Lin Handa (林汉达; February 17, 1900 – July 26, 1972), also known by the aliases Lin Tao and Lin Dieken, was a Chinese linguist, educator, and scholar. He was one of the principal founders of the China Association for Promoting Democracy and served as Vice Minister of Education of the People's Republic of China. Lin was also a member of the Standing Committee of the first and third central councils of the association, vice chairman of its fourth central committee, and a standing committee member of its fifth central committee. From 1954 onward, he was elected as a deputy to the first, second, and third National People's Congress.

== Biography ==
Lin Handa was born on February 17, 1900, in Lingxu Township, Zhenhai County, Ningbo Prefecture, Zhejiang Province (now Longshan Town, Cixi, Ningbo), into a poor peasant family. Through diligence and self-support, he pursued his education and enrolled at Chongxin Middle School in Ningbo in 1917. After graduation, he worked as a teacher at Chongren Primary School and Chongxin Middle School. In 1921, he entered Hangchow University (Zhijiang University) and graduated in 1924. He subsequently taught at Siming Middle School in Ningbo but was dismissed for sheltering and assisting progressive students.

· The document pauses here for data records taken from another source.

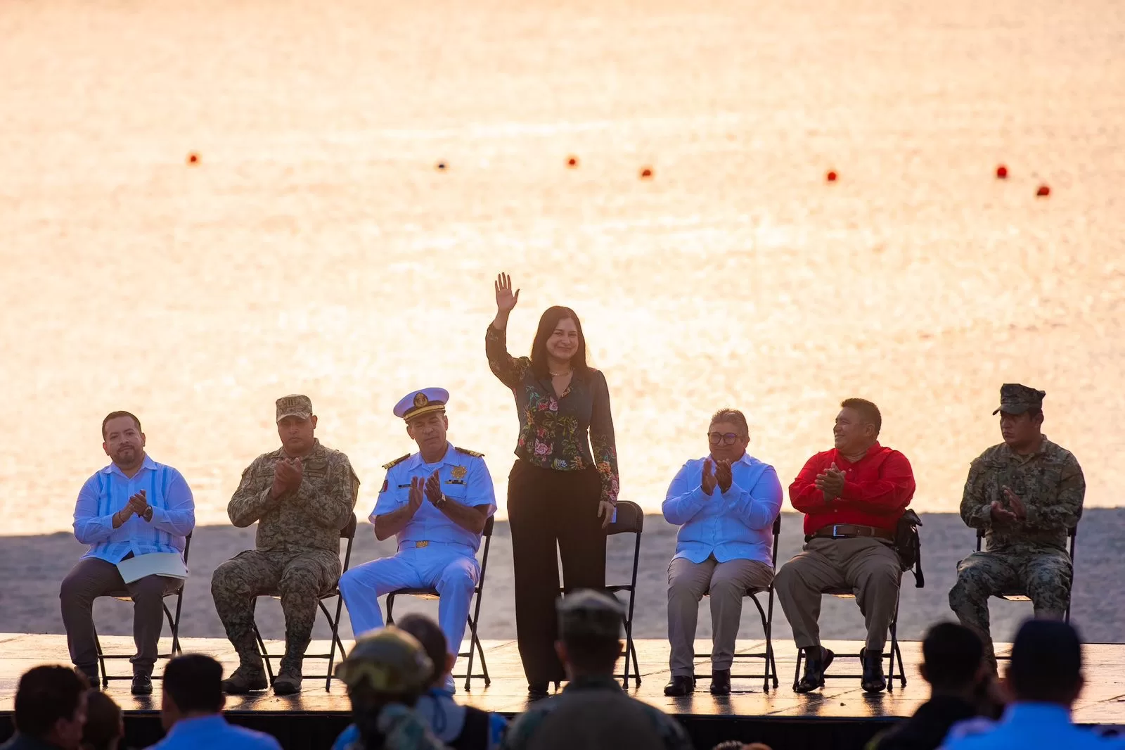 Al evento asistieron la diputada Lilia Inés Mis Martínez, en representación del Congreso del Estado; el Teniente de Infantería Julio César Cruz, por parte de la Secretaría de la Defensa Nacional; el Primer Maestre Pedro Damián Cruz, por la Secretaría de Marina Armada de México; José Enrique Gómez Burgos, presidente de la Sociedad Cooperativa Pesquera Xaman Ha; y el Capitán de Puerto, Daniel Antonio Maas Michel, regidoras, regidores e invitados.
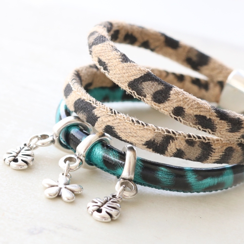 Der hippeste und einfachste Schmuck, den Sie sich vorstellen können: Armbänder aus Imitat Leder mit Panthermuster. Diese Armbänder entwerfen Sie mit dem neuen Imitat Leder, Verschlüssen aus DQ Metall und runden alles mit einem Schieber und anderen Anhängern aus Design Quality Metall ab! Um den Schmuck komplett zu machen, hängen Sie noch eine Quaste in der passenden Farbe dran. Das Imitat Leder mit der leichten Metallic Beschichtung ist sicher unser Favorit. Welches Armband aus diesem Set werden Sie machen?
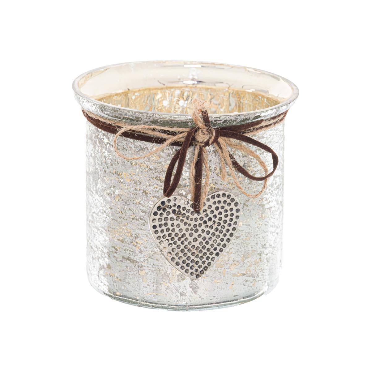 Ignite a warm, inviting atmosphere with our Mercury Hammered Heart Samll Candle Holder. This exquisite piece showcases a delicate heart motif meticulously crafted from tiny hammered dots, creating a mesmerizing play of light and shadow. The weathered mercury glass finish exudes vintage charm, while a rustic twine bow adds a touch of countryside elegance. Perfect for retail displays, this versatile candle holder appeals to a wide range of customers seeking both romance and rustic chic. Pair with fresh or dried lavender sprigs for a Proven-inspired look, or surround with pinecones and evergreen branches for a cozy winter aesthetic. The neutral tones complement various interior styles, from shabby chic to modern farmhouse. Ideal for gift shops, home decor boutiques, and wedding-focused retailers, this candle holder promises to be a bestseller. Its timeless design and quality craftsmanship ensure year-round appeal, making it a must-have addition to your product lineup.
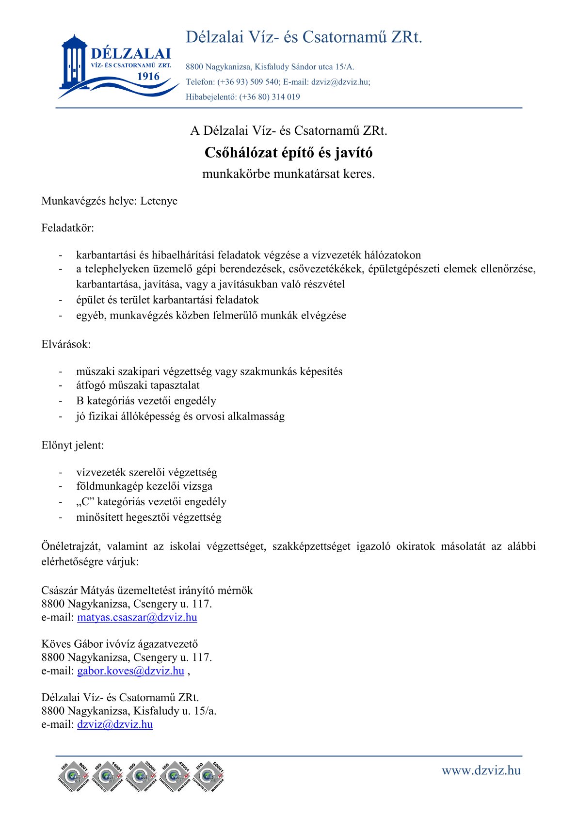 2025-11-14 - Csatornajavító karbantartó - Nagykanizsa

In 1928, Lin moved to Shanghai and worked as an English editor at the Commercial Press's World Book Company, later becoming head of the English editorial department. In 1937, he went to the United States to pursue graduate studies at Colorado State University, specializing in mass education, and obtained a doctoral degree two years later. He returned to China in 1939 and served as a professor at Zhijiang University in Shanghai. After the outbreak of the Second Sino-Japanese War, he remained in Shanghai, where he conducted research on Latinization and wrote popularized historical works.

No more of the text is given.